INPUT FOR THIS TASK:
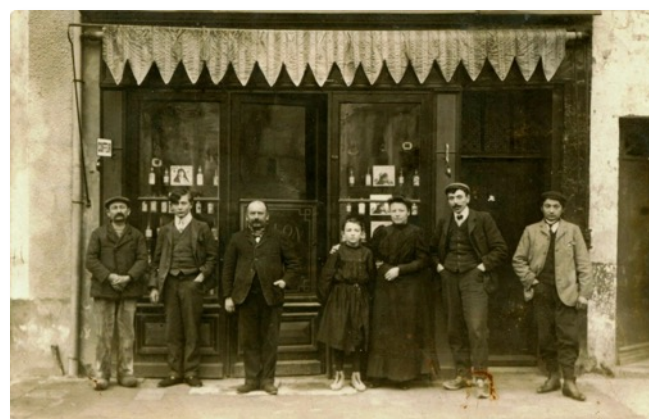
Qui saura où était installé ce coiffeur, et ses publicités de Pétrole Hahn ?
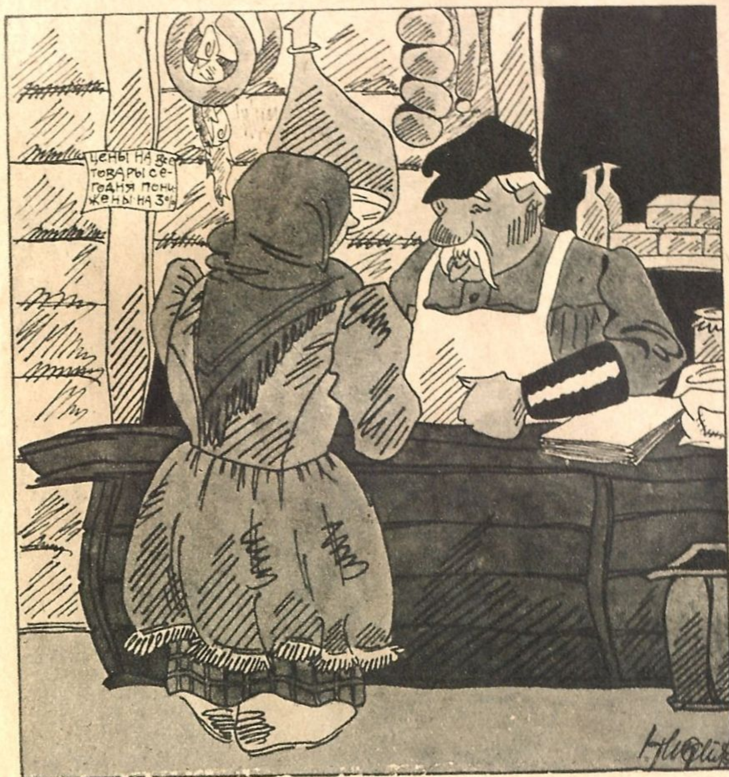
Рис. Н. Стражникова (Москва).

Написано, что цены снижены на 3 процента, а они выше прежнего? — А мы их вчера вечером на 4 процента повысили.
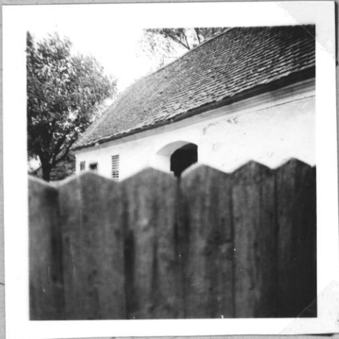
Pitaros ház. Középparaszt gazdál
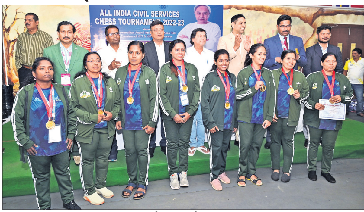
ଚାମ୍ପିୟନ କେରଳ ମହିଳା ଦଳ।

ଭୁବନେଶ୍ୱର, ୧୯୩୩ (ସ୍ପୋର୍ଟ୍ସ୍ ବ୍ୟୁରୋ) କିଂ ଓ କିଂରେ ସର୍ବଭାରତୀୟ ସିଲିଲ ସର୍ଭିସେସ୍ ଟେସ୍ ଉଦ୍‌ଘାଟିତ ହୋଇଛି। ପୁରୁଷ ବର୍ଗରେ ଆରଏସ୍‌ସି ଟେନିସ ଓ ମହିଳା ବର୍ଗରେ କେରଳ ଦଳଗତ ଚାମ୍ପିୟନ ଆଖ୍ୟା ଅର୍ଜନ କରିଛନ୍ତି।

WORK INSTRUCTION:
The material above should be repeated word for word, with every picture omitted.

SOLUTION TO THIS TASK:
Qui saura où était installé ce coiffeur, et ses publicités de Pétrole Hahn ?
Рис. Н. Стражникова (Москва).

Написано, что цены снижены на 3 процента, а они выше прежнего? — А мы их вчера вечером на 4 процента повысили.
Pitaros ház. Középparaszt gazdál
ଚାମ୍ପିୟନ କେରଳ ମହିଳା ଦଳ।

ଭୁବନେଶ୍ୱର, ୧୯୩୩ (ସ୍ପୋର୍ଟ୍ସ୍ ବ୍ୟୁରୋ) କିଂ ଓ କିଂରେ ସର୍ବଭାରତୀୟ ସିଲିଲ ସର୍ଭିସେସ୍ ଟେସ୍ ଉଦ୍‌ଘାଟିତ ହୋଇଛି। ପୁରୁଷ ବର୍ଗରେ ଆରଏସ୍‌ସି ଟେନିସ ଓ ମହିଳା ବର୍ଗରେ କେରଳ ଦଳଗତ ଚାମ୍ପିୟନ ଆଖ୍ୟା ଅର୍ଜନ କରିଛନ୍ତି।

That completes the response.